Hoover supervised a surveillance and infiltration program, COINTELPRO, designed to undermine the party. Many people told the thespians stories about the program, Sapp said. During interviews, he added, they didn’t take papers, pens or recorders — they just listened.

“We found out a lot we didn’t know — things that were very touching, extremely scary and complicated,” Sapp said. “But everyone we talked with had incredible depths of love for the community. What they did was a huge undertaking. It was like they were in a war that no one acknowledges. They really felt they were going to change the world, and they watched friends die or went to jail or found out people they thought were friends were agents.”

The theater troupe heard so many amazing stories it was hard to choose when the members were writing the play, said Liesl Tommy, the associate director of Berkeley Rep and the director of “Party People.” Having grown up in South Africa, Tommy said she has heard a lot about what people give up when fighting for a cause.

“It means you sacrifice your youth and maybe end up in jail.
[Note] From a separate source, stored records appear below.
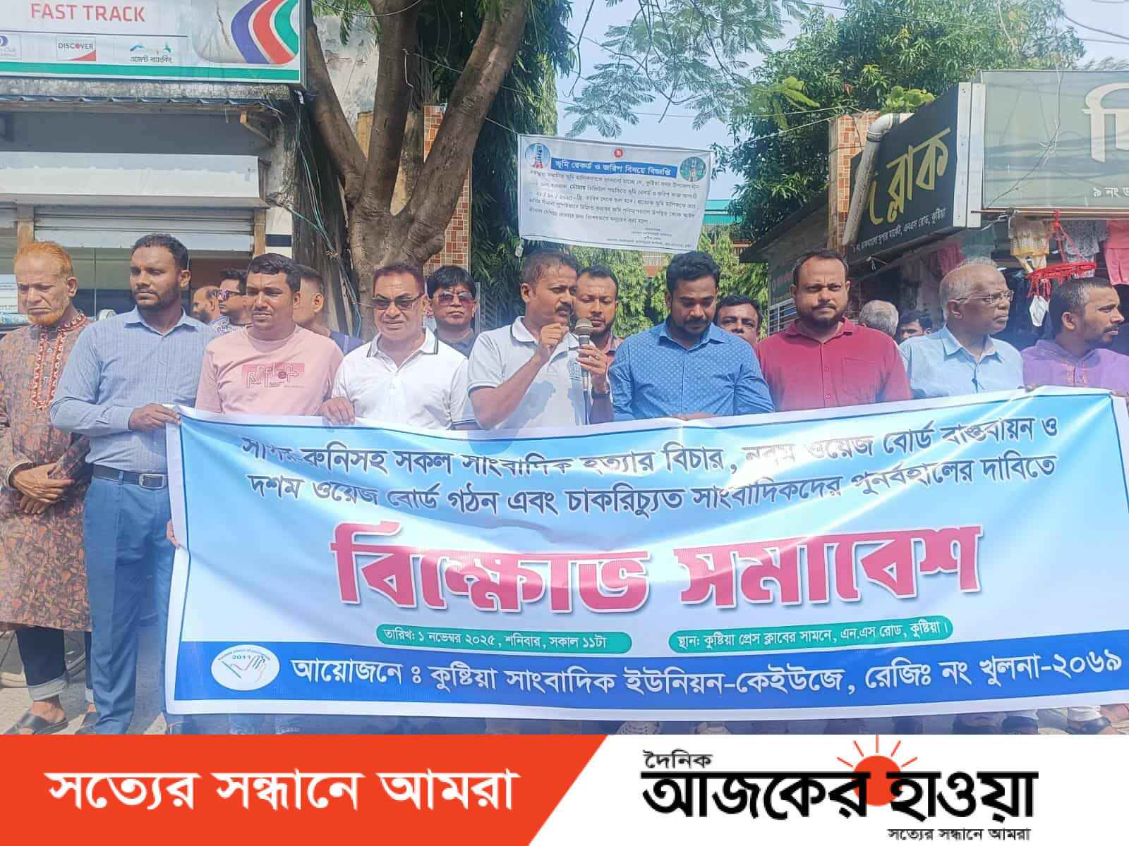 কুষ্টিয়ায় সাংবাদিক ইউনিয়নের উদ্যোগে সাগর-রুনিসহ সকল সাংবাদিক হত্যার বিচার, নবম ওয়েজ বোর্ড বাস্তবায়ন ও দশম ওয়েজ বোর্ড গঠন এবং চাকরিচ্যূত সাংবাদিকদের পূণর্বহালের দাবিতে মানববন্ধন ও বিক্ষোভ সমাবেশ অনুষ্ঠিত হয়েছে।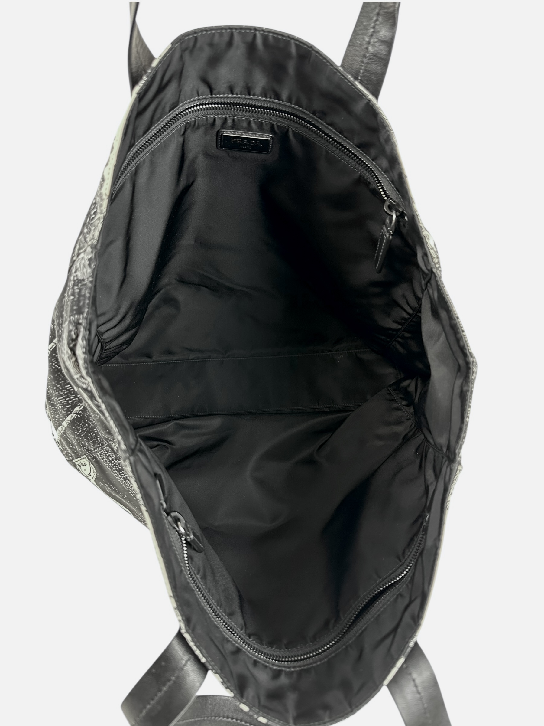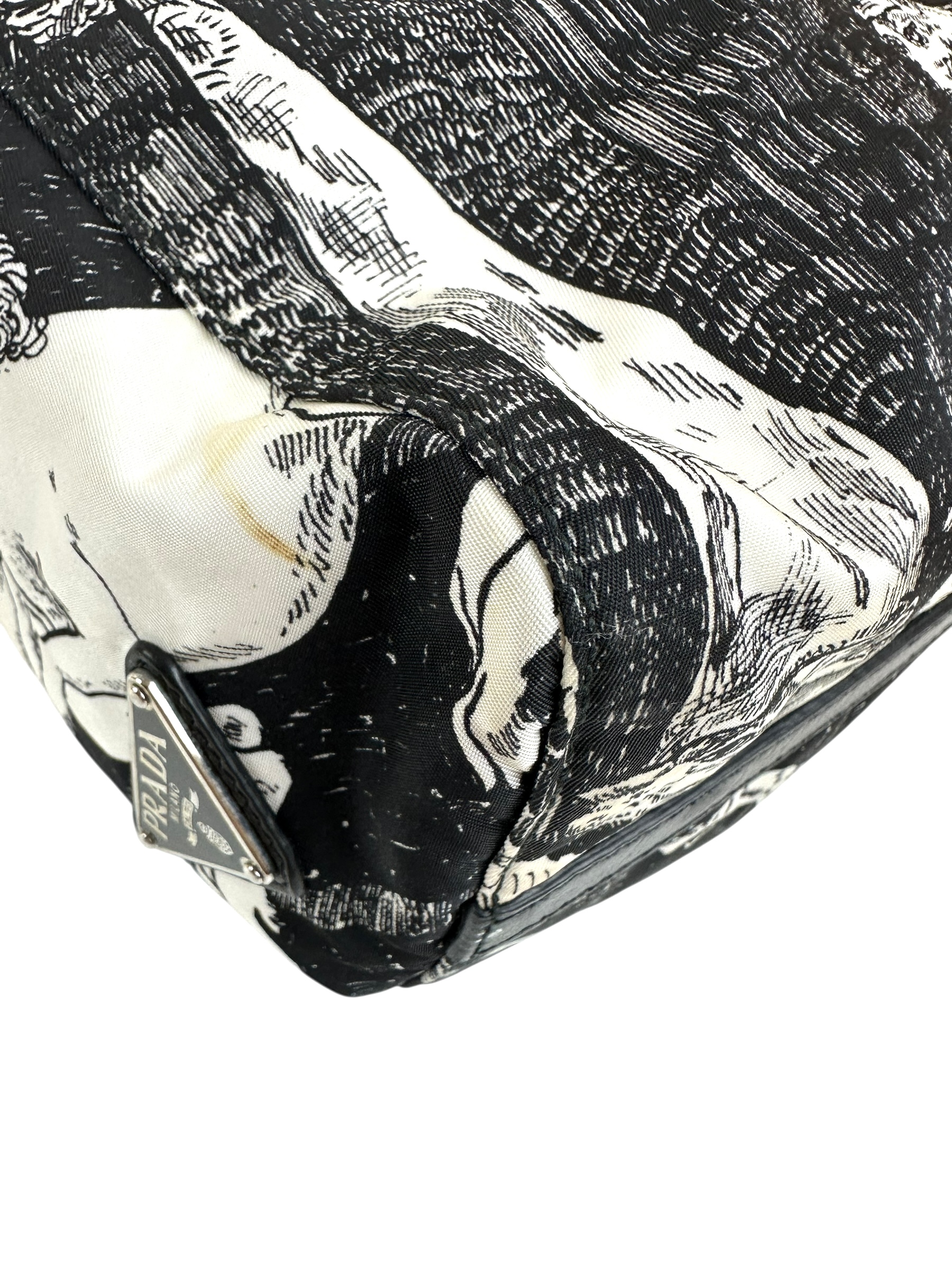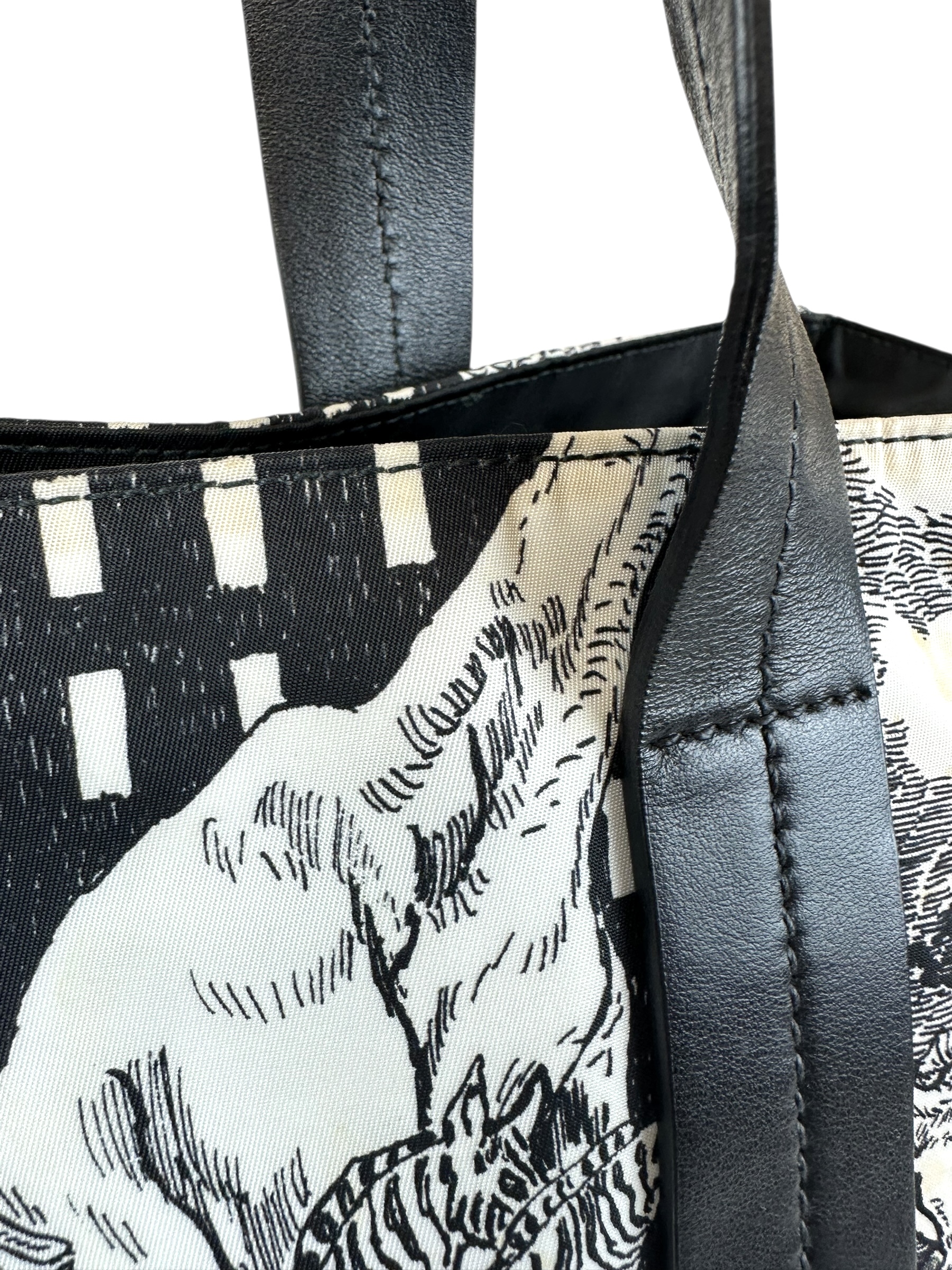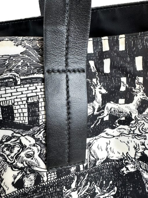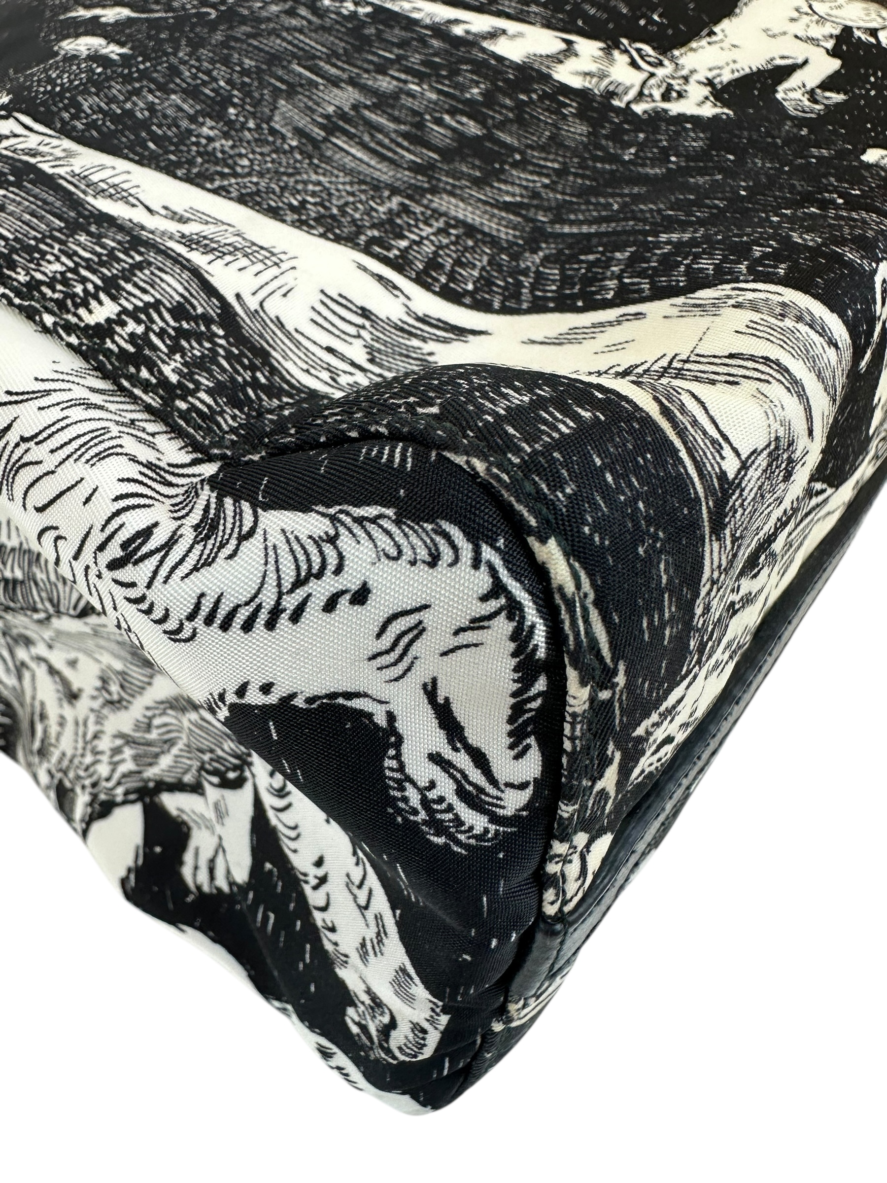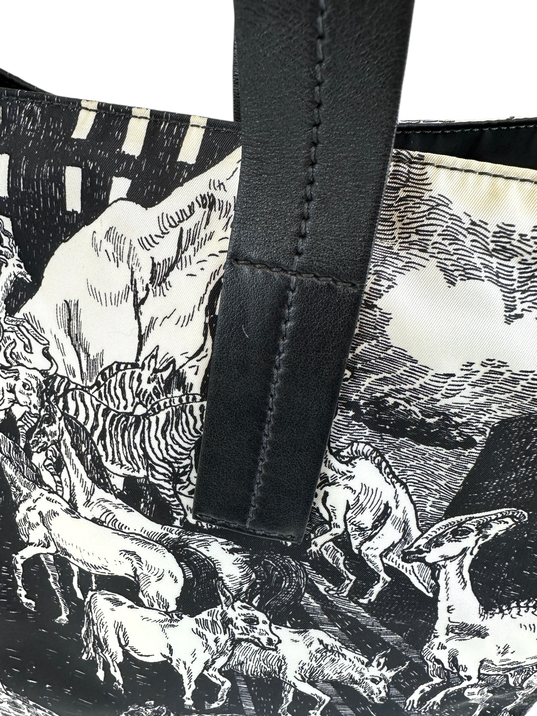 Borsa a Spalla Prada Tote Bag Christophe Chemin Stampa Animali Bianca e Nera.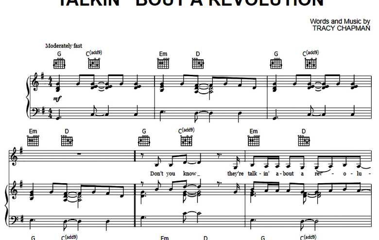 Tracy Chapman-Talkin’ Bout A Revolution Free Sheet Music PDF for Piano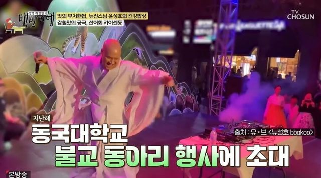 허영만이 “스님 복장하고 똥침 계속하면 안 된다”라고 당부하자 윤성호는 “그게 아니다. EDM 공연하면 다 손을 들지 않냐. 합장한 스님 그대로 올려서 나온 거다. 사람들이 보기엔 너무 신기한 거다. MZ들이 특히 좋아했다”라고 설명했다.
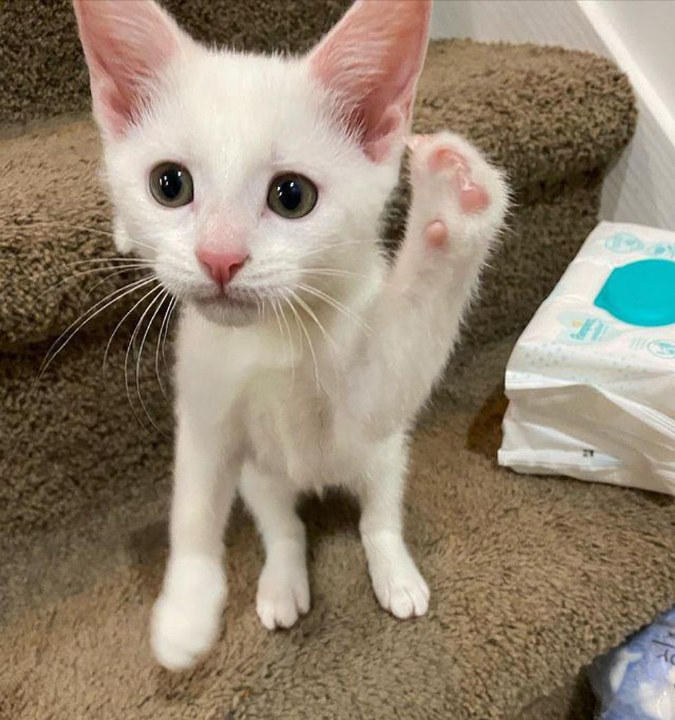 They were estimated to be three weeks old and needed round-the-clock care and medical attention — one of the white kittens had an injured paw, and the other two were wobbly.

You might send your children away so they can be safe or give up your own dreams,” Tommy said. “So that’s education, relationships and personal ambition. We heard a lot of stories about family relationships that were very difficult to repair.”

The interviewees kept asking them for the same thing in the play, Sapp and Tommy said — tell the truth.

“We took it to mean don’t sugarcoat it, don’t shy away from complexities,” Tommy said. “There was a lot of internal fighting and factionalism and differing ideas of political agendas, almost all stemming from the incredibly high levels of infiltration. The risk of covering the depths of infiltration is to expose the mistakes they made, but in telling the whole story we illuminated what the sacrifice was for them. Not everybody comes off looking great, but they all come off looking like they care about humanity. The passion they have for the welfare of their fellow man is truly inspiring.”

Sapp said he’s been surprised to see audience members sobbing and he’s witnessed some touching moments too, such as Fred Hampton Jr., the son of a Panther killed by the Chicago police, meeting his father’s attorney for the first time.

“He said to him, ‘I remember you in your mother’s belly,’ and Fred’s whole face just melted,” Sapp said. “They were having a conversation they’d never had in the theater, and it was so moving. They’re bonded forever because of this play.”

“Party People” deals with things such as what younger and older activists can teach one another, Sapp said. The problems these groups were fighting against in the ’60s and ’70s have clearly not disappeared, he argued, mentioning, as an example, the police shooting of Michael Brown, an unarmed African-American teenager, in Ferguson, Mo.

“I think it’s an important story to hear — it speaks to the now,” Sapp said about the play. “It really was a class struggle and it continues to be a class struggle. The term ‘All power to all the people’ sounds cliché, but it really is all power to all the people.”